PHOENIX – When the men of the Phoenix Country Club saw their feeding ways in peril, they did not tarry. Some sent nasty e-mail messages, hectored players on the fairway and, for good measure, urinated on a fellow club member's pecan tree.
The targets of their ire were the women, and some men, who have dared to speak up against the club's policy of forbidding women in the men's grill room, a center of power dining in Phoenix.
Barbara Van Sittert, one of those women, said her husband, Logan, 73, has been heckled while playing golf and once found his locker defaced.
“They hooted and hollered at him and called his wife a whore,” said Barbara Van Sittert, 72. “It was not warm and fuzzy.”
Charges of sexism against private golf clubs are not uncommon. The Augusta National Golf Club in Georgia, where the Masters is held each year, does not permit women to be members.
But here in Arizona, where the governor, secretary of state, chief justice and Senate minority leader are women, it has rankled more than a few women that nonmember men have more rights than paying female members at the Phoenix Country Club, a century-old fixture in the city's social and business life, where it costs tens of thousands of dollars a year to belong.
Gov. Janet Napolitano, a Democrat, is not a member of the club, but Dennis Burke, her chief of staff, is. Burke has publicly opposed the separated dining rooms and in an interview called them “indefensible.”

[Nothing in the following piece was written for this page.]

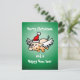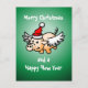 Das fliegende Weihnachtsschwein auf einer grünen Weihnachtskarte. Personalisieren Sie Text.
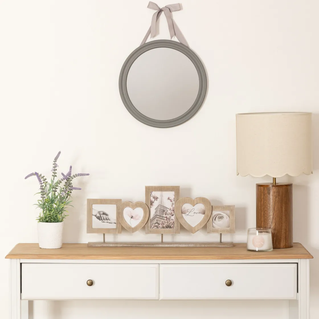 Installez votre pêle-mêle à poser « Charme » sur un buffet en bois Atmosphera afin de créer une unité de matières et profiter d’une déco conviviale!

Sen. John McCain, R-Ariz., does not belong to the club but has spoken there. The McCain presidential campaign declined to comment on the separate dining rooms.
Women at the club are not permitted to have lunch in the men's grill room with their husbands after a round of golf. They have been barred from trophy ceremonies after tournaments, even ones they have sponsored, and may not participate in one of the most sacred rituals of the men's grill room – sealing a deal with a client over a beer.
As teenage boys saunter into the sumptuously appointed men's grill room, their mothers are relegated to the ladies' grill, down the hall with a hot plate, some card tables and no bar.
“The ladies' grill is a very small room where a bunch of little old ladies gather to play cards,” said Wanda Diethelm, a health care executive.
“And if you make any noise, they shush you.”
Grumbling about the disparity has gone on for years.
But the casus belli was when the Van Sitterts, club members for 30 years, decided two years ago that they wanted to partake in some eggs together in the morning. They appealed to the club's board to change its dining policies so they could eat together in the men's grill room, but were rebuffed.
The couple filed a complaint with the civil rights division of the Arizona Attorney General's Office, arguing that though the club is private and not inherently subject to the state's anti-discrimination laws, it is the equivalent of a public accommodation because it receives much of its revenue from nonmembers, including speeches, tournaments, Rotary Club meetings and the like.
This month, the Attorney General's Office agreed with the couple, issuing an advisory legal opinion that the club needed to comply with the state's anti-discrimination laws.
The office's investigation, according to a copy of its findings, noted the inadequacy of the women's facility while listing the lopsided benefits of the men's: three high-definition televisions, a buffet and a bar, and gorgeous views of the golf course. (The office would not comment; parties in a civil rights determination have 30 days to work out their differences privately.)
Attorneys for the country club did not return calls.
A reporter stopped by the club, which is under renovation and partially closed, and found the general manager, Pasquale LaRocca.
LaRocca said that the attorney general's findings were “not binding” and that he hoped “it would not come” to a lawsuit.
The renovated club will have the same formal dining room now used by men and women, and separate male and female grill rooms but with “equivalent accommodations,” he said.